What the task asks
Leave the pictures out. Retype exactly the lines below from the one containing "ほんとに立つんですねぇ。今は" through the one containing "Keywords: Durand cover", and no others.

Information supplied
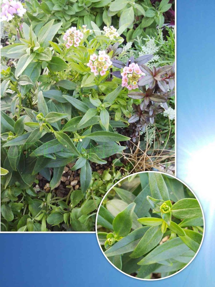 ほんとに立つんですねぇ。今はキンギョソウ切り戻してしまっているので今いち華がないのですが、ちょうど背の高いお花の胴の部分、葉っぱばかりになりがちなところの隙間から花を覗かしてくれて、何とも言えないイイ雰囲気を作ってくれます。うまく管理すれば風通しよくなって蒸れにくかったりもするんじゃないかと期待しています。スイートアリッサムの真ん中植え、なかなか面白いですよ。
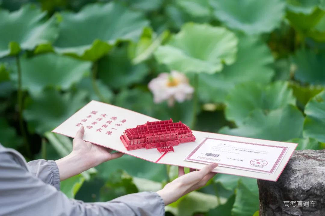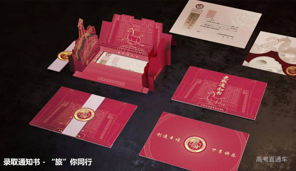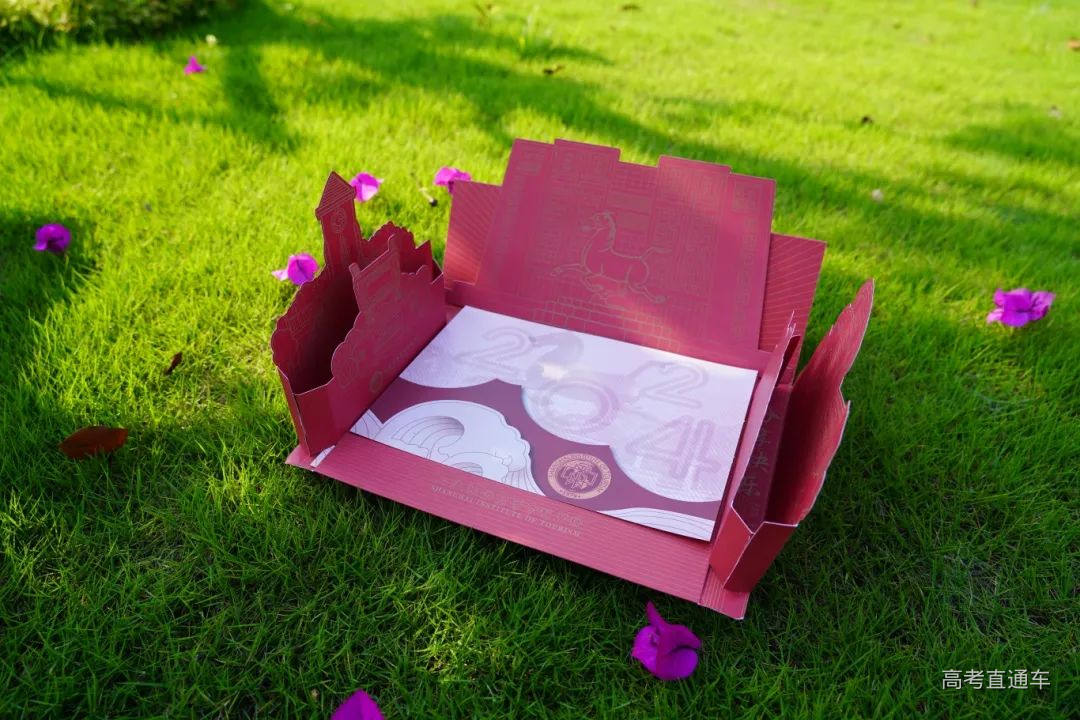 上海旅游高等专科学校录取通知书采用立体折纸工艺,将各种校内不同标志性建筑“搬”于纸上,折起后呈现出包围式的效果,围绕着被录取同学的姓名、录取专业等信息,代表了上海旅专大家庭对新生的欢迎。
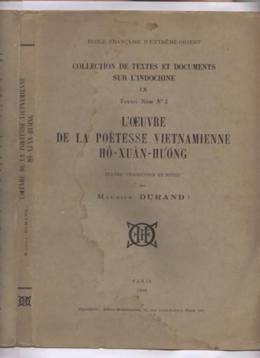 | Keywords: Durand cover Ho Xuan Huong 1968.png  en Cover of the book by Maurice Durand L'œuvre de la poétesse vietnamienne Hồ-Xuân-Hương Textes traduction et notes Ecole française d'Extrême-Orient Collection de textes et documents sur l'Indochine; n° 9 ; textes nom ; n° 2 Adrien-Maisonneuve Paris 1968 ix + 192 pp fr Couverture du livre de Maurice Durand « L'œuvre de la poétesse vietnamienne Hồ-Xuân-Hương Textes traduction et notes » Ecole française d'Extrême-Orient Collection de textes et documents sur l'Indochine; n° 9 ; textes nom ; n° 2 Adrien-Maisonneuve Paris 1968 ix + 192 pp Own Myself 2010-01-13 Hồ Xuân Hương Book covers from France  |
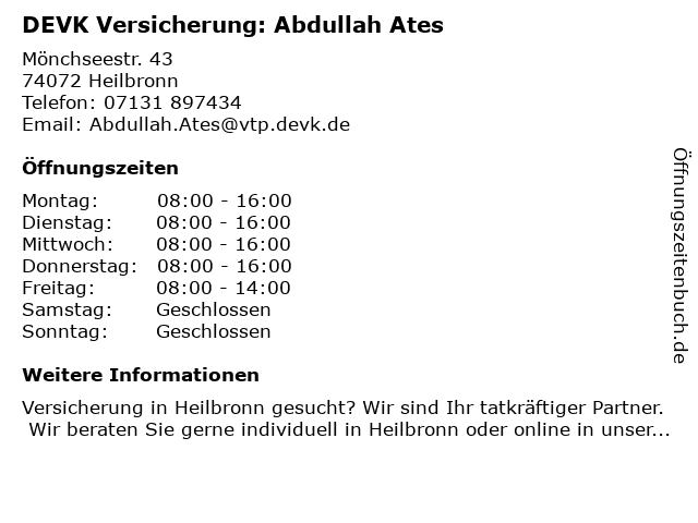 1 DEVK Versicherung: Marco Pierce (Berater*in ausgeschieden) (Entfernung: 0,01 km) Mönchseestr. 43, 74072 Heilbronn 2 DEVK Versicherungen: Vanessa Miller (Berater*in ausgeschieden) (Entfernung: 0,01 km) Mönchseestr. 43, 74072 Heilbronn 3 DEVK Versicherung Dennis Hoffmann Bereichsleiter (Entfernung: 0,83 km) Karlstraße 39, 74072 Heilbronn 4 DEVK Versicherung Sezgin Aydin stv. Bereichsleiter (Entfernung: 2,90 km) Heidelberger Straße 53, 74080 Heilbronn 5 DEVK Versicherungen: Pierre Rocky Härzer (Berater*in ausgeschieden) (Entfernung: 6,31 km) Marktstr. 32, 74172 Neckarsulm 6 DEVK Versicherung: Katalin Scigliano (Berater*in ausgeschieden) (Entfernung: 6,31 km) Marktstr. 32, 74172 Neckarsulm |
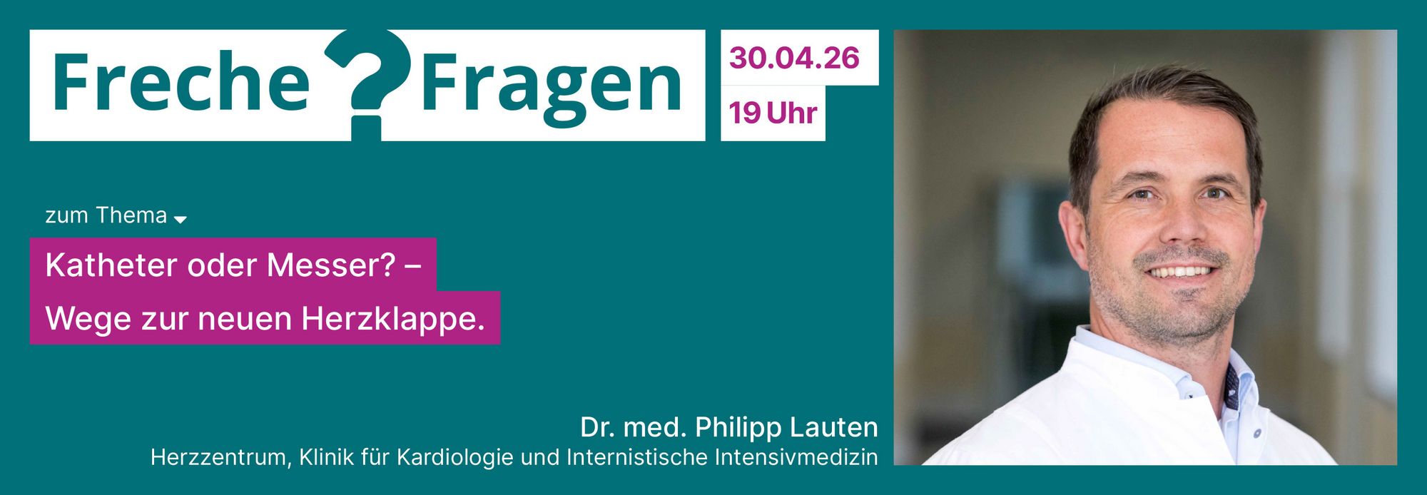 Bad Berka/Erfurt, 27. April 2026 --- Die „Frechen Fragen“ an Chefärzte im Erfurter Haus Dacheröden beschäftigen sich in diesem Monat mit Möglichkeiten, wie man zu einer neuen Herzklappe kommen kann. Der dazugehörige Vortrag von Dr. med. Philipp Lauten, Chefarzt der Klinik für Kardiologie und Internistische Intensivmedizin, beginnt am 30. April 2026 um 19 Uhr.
--
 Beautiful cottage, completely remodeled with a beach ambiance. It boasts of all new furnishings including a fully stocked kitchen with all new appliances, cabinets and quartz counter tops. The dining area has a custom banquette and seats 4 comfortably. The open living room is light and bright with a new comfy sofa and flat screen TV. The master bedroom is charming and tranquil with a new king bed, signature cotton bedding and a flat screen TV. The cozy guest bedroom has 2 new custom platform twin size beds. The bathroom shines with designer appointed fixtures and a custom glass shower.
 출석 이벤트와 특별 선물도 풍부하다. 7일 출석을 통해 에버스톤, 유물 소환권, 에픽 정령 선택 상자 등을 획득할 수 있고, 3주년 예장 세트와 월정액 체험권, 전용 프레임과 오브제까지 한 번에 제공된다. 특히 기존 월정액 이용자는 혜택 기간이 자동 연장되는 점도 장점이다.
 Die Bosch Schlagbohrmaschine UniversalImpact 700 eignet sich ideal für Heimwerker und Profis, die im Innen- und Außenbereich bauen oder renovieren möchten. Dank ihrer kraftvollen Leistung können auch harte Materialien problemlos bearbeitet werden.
==
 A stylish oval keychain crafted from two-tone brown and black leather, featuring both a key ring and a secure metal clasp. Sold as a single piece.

Output of the task
 ほんとに立つんですねぇ。今はキンギョソウ切り戻してしまっているので今いち華がないのですが、ちょうど背の高いお花の胴の部分、葉っぱばかりになりがちなところの隙間から花を覗かしてくれて、何とも言えないイイ雰囲気を作ってくれます。うまく管理すれば風通しよくなって蒸れにくかったりもするんじゃないかと期待しています。スイートアリッサムの真ん中植え、なかなか面白いですよ。
 上海旅游高等专科学校录取通知书采用立体折纸工艺,将各种校内不同标志性建筑“搬”于纸上,折起后呈现出包围式的效果,围绕着被录取同学的姓名、录取专业等信息,代表了上海旅专大家庭对新生的欢迎。
 | Keywords: Durand cover Ho Xuan Huong 1968.png  en Cover of the book by Maurice Durand L'œuvre de la poétesse vietnamienne Hồ-Xuân-Hương Textes traduction et notes Ecole française d'Extrême-Orient Collection de textes et documents sur l'Indochine; n° 9 ; textes nom ; n° 2 Adrien-Maisonneuve Paris 1968 ix + 192 pp fr Couverture du livre de Maurice Durand « L'œuvre de la poétesse vietnamienne Hồ-Xuân-Hương Textes traduction et notes » Ecole française d'Extrême-Orient Collection de textes et documents sur l'Indochine; n° 9 ; textes nom ; n° 2 Adrien-Maisonneuve Paris 1968 ix + 192 pp Own Myself 2010-01-13 Hồ Xuân Hương Book covers from France  |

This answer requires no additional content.